По моему расчету (не входя в подробности), я все-таки останусь должен в редакцию «Русского вестника» до 1000 р. Может быть, они этим и не потяготятся; они знают, что я заработаю. Но вопрос: чем же мне жить? Кончив роман, я еще месяца два протяну, ну а там что делать? Обращаться к Каткову? Если они намерены пользоваться моим сотрудничеством, то, конечно, они будут присылать деньги, по моим просьбам, но хуже всего для меня будет то, что я все-таки не буду знать, на каком я буду у них основании? То есть как должный в редакцию писатель, – это я понимаю. Но они никогда не отвечают, – так даже, что я не знаю, приятен ли им мой роман * или нет и желают ли они моего сотрудничества? А это, даже по одним только денежным расчетам, уже довольно важно знать.
Проклятые кредиторы убьют меня окончательно. Дурно сделал я, что выехал за границу; право, лучше было бы в долговом просидеть. Если б я мог отсюда войти с ними в соглашение, – а я и этого-то не могу, потому что нет меня там лично.
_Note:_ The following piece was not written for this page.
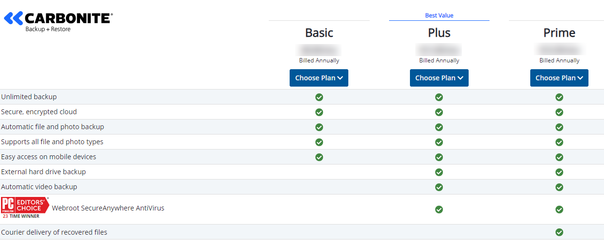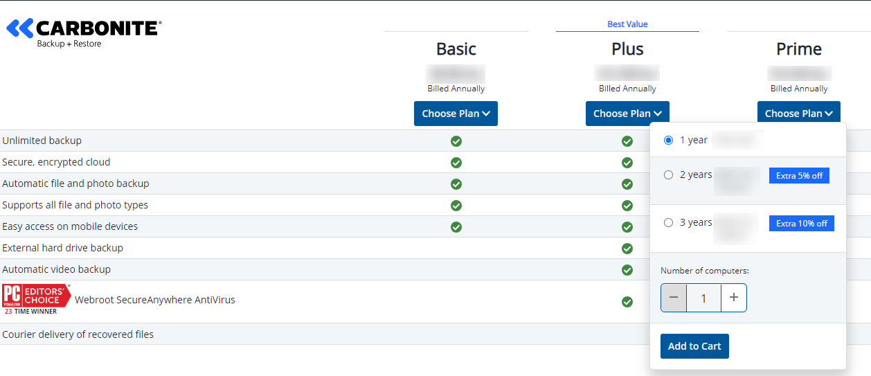 | Price Per Computer | Carbonite Safe Plans | ||

Главное же, я к тому говорю, что у меня есть на уме, например, дваили даже трииздания, требующие одной только воловьей механической работы и между тем которые бесспорно дали бы деньги. * Мне ведь на этот счет иногда удавалось. Здесь же у меня на уме теперь 1) огромный роман, название ему «Атеизм» (ради Бога, между нами), но прежде чем приняться за который, мне нужно прочесть чуть не целую библиотеку атеистов, католиков и православных. Он поспеет, даже при полном обеспечении в работе, не раньше как через два года. Лицо есть: русский человек нашего общества, и в летах,не очень образованный, но и не необразованный, не без чинов, – вдруг,уже в летах, теряет веру в Бога Всю жизнь он занимался одной только службой, из колеи не выходил и до 45 лет ничем не отличился. (Разгадка психологическая: глубокое чувство, человек и русский человек.) Потеря веры в Бога действует на него колоссально. (Собственно действие в романе, обстановка – очень большие.) Он шныряет по новым поколениям, по атеистам, по славянам и европейцам, по русским изуверам и пустынножителям, по священникам; сильно, между прочим, попадается на крючок иезуиту, пропагатору, поляку; спускается от него в глубину хлыстовщины – и под конец обретает и Христа и русскую землю, русского Христа и русского Бога. (Ради Бога, не говорите никому; а для меня так: написать этот последний роман, да хоть бы и умереть – весь выскажусь.) * Ах, друг мой! Совершенно другие я понятия имею о действительности и реализме, чем наши реалисты и критики. Мой идеализм – реальнее ихнего. Господи! Порассказать толково то, что мы все, русские, пережили в последние 10 лет в нашем духовном развитии, – да разве не закричат реалисты, что это фантазия! А между тем это исконный, настоящий реализм! Это-то и есть реализм, только глубже, а у них мелко плавает. Ну не ничтожен ли Любим Торцов в сущности, * – а ведь это всё что только идеального позволил себе их реализм. Глубок реализм – нечего сказать! Ихним реализмом – сотой доли реальных, действительно случившихся фактов не объяснишь. А мы нашим идеализмом пророчили даже факты. Случалось. *
Голубчик мой, не смейтесь над моим самолюбием, но я как Павел: «Меня не хвалят, так я сам буду хвалиться». *
Но покамест нужно жить! «Атеизм» на продажу не потащу (а о католицизме и об иезуите у меня есть что сказать сравнительно с православием). * Есть у меня идея одной довольно большой повести, листов в 12 печатных, и привлекает меня. * Есть и еще одна мысль. * На что решиться и кому предложить труды? «Заре»? * Но ведь я беру деньги вперед, а там вряд ли дадут. Конечно, не обойдусь, может быть, без их помощи, но туда надо посылать готовую статью, а это тяжело. Чем жить, пока готовишь статью? Это и «Русский вестник» с лихвой мне даст (150 р. за лист, да еще вперед тысячами, по крайней мере давал). Окончание «Идиота» будет эффектно (не знаю, хорошо ли?). Но предлагать самому книгопродавцам второе издание – значит потерять половину. Надо, чтоб сами пришли, как всегда и было со мною, а придут ли? Я понятия не имею об успехе или неуспехе романа. Впрочем, всё решит конец романа.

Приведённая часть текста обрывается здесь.